▸ **DATA BLOCK**
......

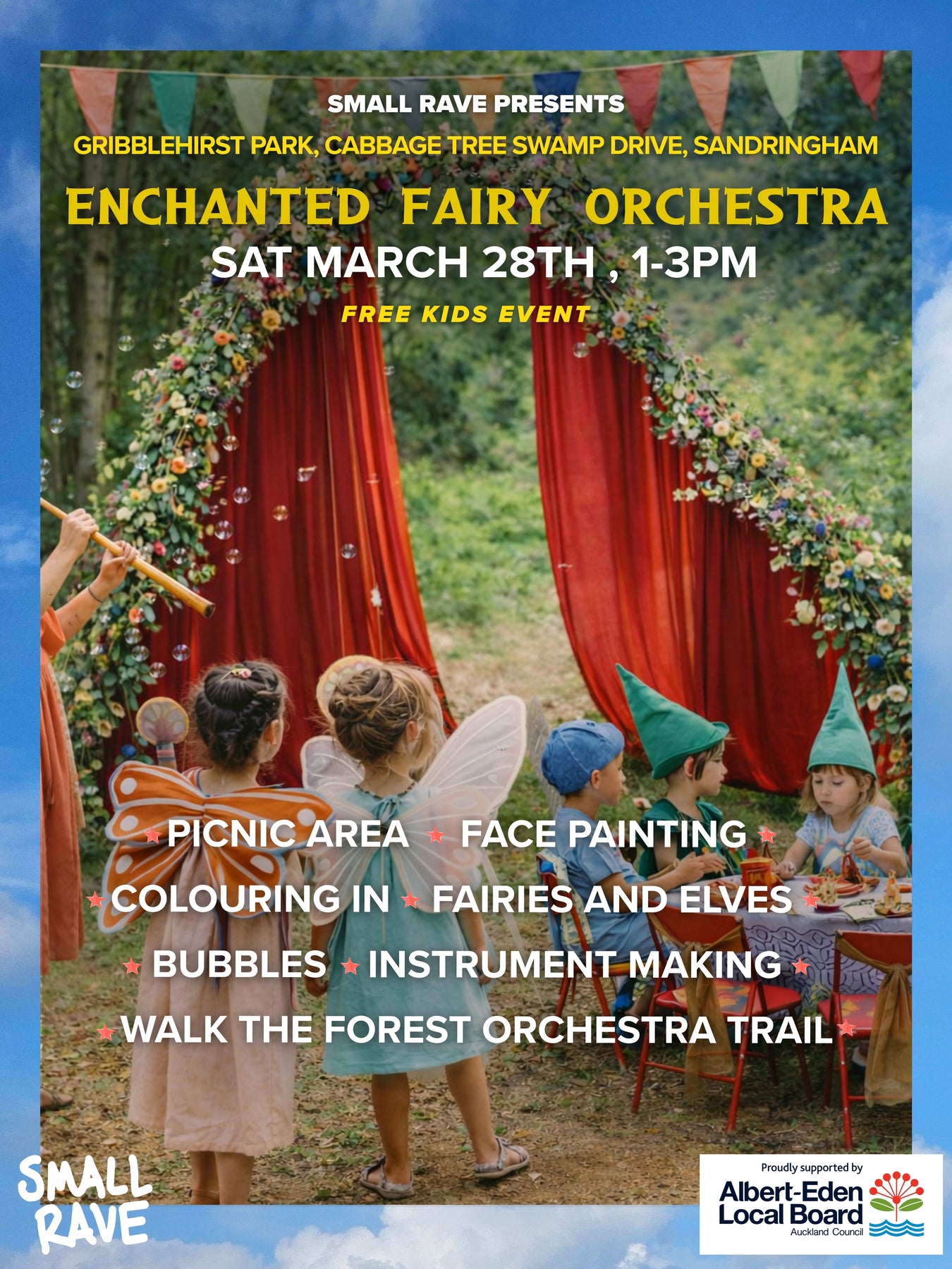 SMALL RAVE INVITES TAMARIKI AND WHĀNAU TO A FREE, MYSTICAL AFTERNOON IN GRIBBLEHIRST PARK’S ENCHANTED LAVA FOREST. FOLLOW THE TREASURE MAP TO DISCOVER THE HIDDEN FAIRIES AND ELVES PLAYING INSTRUMENTS THAT MAKE UP THE ENCHANTED ORCHESTRA AND CRAFT YOUR OWN SPELL-STIRRING INSTRUMENTS ALONG THE WAY.
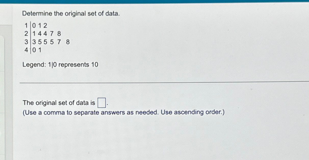 Solved Determine the original set of data. How To Determine Original Set Of Data The original set of data is. Stem and leaf plots are also known as stemplots. The aim of the research. The type of data that you will. before you begin collecting data, you need to consider: understanding the provenance of data helps in ascertaining its reliability and credibility. locating datasets in acm digital library database. about. How To Determine Original Set Of Data.
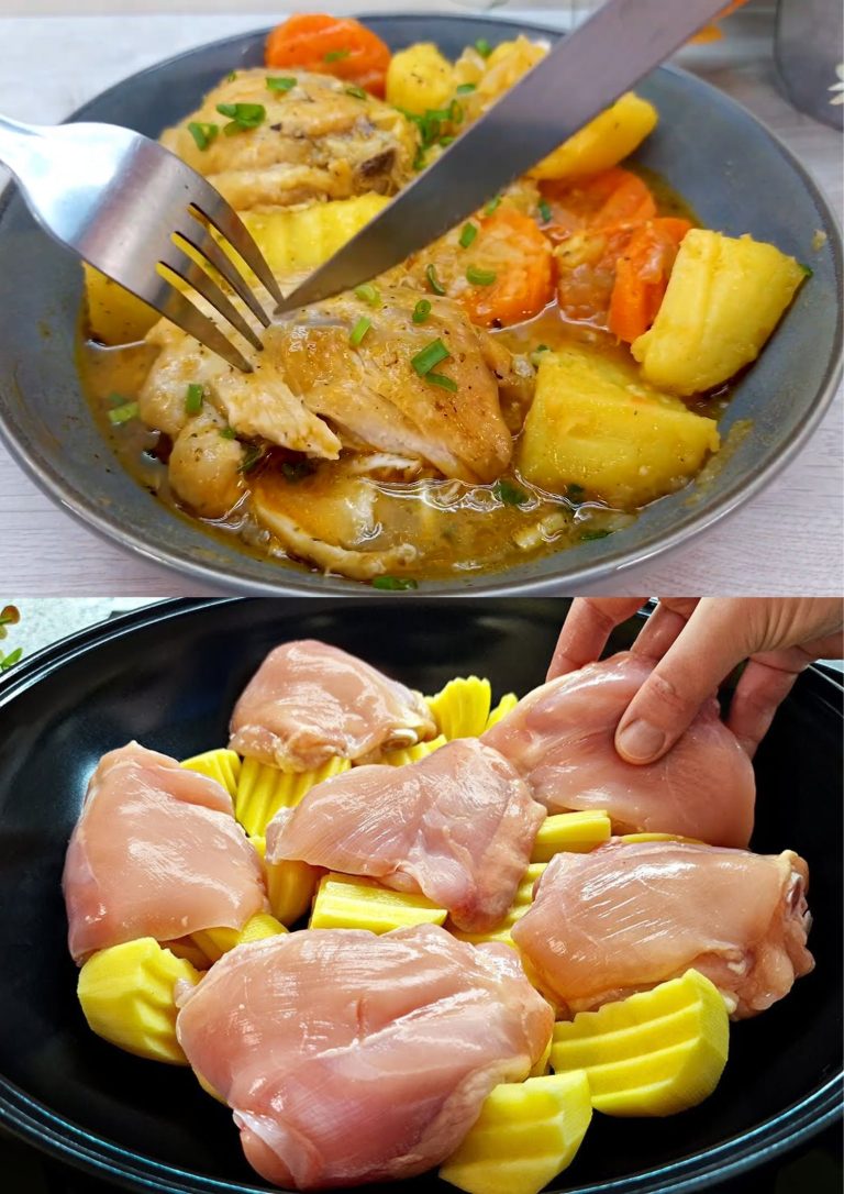 Dit verfijnde Franse gerecht combineert malse kip, gestoofd in rode wijn, met romige knoflookboteraardappelen. Een …

......

▸ **INSTRUCTIONS TO FOLLOW**
Without the pictures, write out the whole listing exactly as it appears.

▸ **SOLUTION TO THIS TASK**
 SMALL RAVE INVITES TAMARIKI AND WHĀNAU TO A FREE, MYSTICAL AFTERNOON IN GRIBBLEHIRST PARK’S ENCHANTED LAVA FOREST. FOLLOW THE TREASURE MAP TO DISCOVER THE HIDDEN FAIRIES AND ELVES PLAYING INSTRUMENTS THAT MAKE UP THE ENCHANTED ORCHESTRA AND CRAFT YOUR OWN SPELL-STIRRING INSTRUMENTS ALONG THE WAY.
 Solved Determine the original set of data. How To Determine Original Set Of Data The original set of data is. Stem and leaf plots are also known as stemplots. The aim of the research. The type of data that you will. before you begin collecting data, you need to consider: understanding the provenance of data helps in ascertaining its reliability and credibility. locating datasets in acm digital library database. about. How To Determine Original Set Of Data.
 Dit verfijnde Franse gerecht combineert malse kip, gestoofd in rode wijn, met romige knoflookboteraardappelen. Een …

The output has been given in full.